Ioan Nicolidi was born on 14 March 1737 in Gramos (Gramosta), then the Ottoman Empire and now Greece. He was an ethnic Aromanian as shown by the contemporary Greek scholar Georgios Zaviras and by the professor of the Eötvös Loránd University in Budapest Alexander Pecz, who was in contact with members of the Nicolidi family. He was educated in the primary school of his native village, later migrating to Siatista to study in a secondary school of history, physics and theology.

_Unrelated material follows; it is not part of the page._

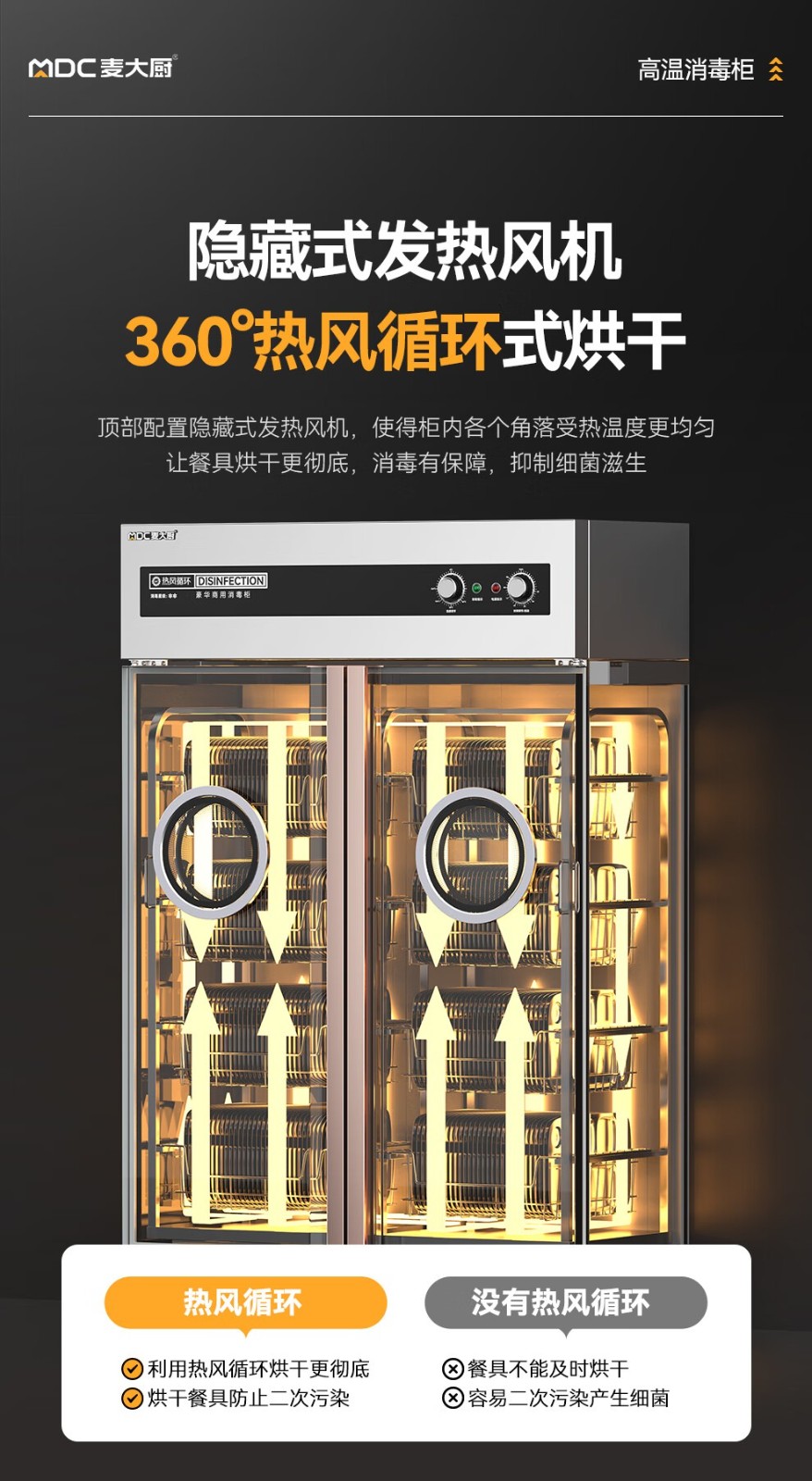 首頁 > 商廚產(chǎn)品 > 消毒柜 > 高溫消毒柜 >麥大廚豪華旋鈕型雙門單控4層熱風(fēng)循環(huán)高溫消毒柜3.5KW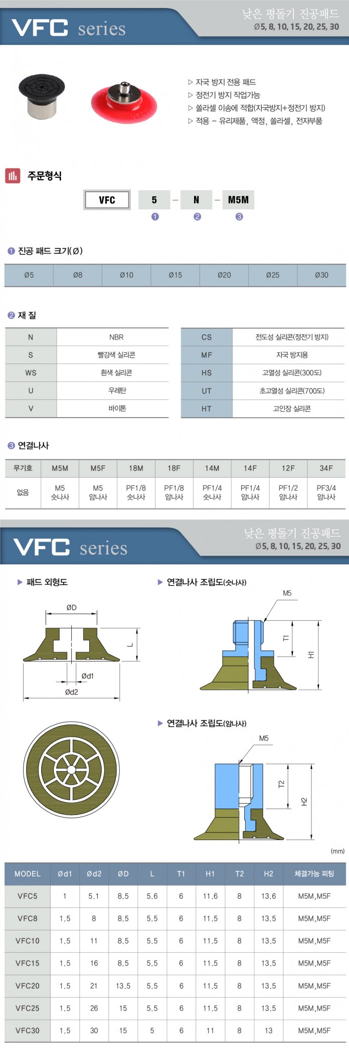 VFC 시리즈 낮은 평돌기 진공패드

As his parents refused his intention to complete his studies at the University of Vienna in the Habsburg monarchy, now Austria, he set out on a journey without money, went into commercial activities in Zemun to pay for his studies, and arrived in Vienna. After surviving an illness, he started and finished his medical studies in just two years, receiving a doctorate; he had been teaching Greek in the city at the same time. The thesis with which he graduated was titled Dissertatio inauguralis physiologico-medica sistens pyogoniam quam annuente inclyta facultate medica in antiquissima et celeberrima Universitate vindobonensi pro doctoris gradu publicae disquisitioni submittit Joannes Nicolides Macedo Grammostensis.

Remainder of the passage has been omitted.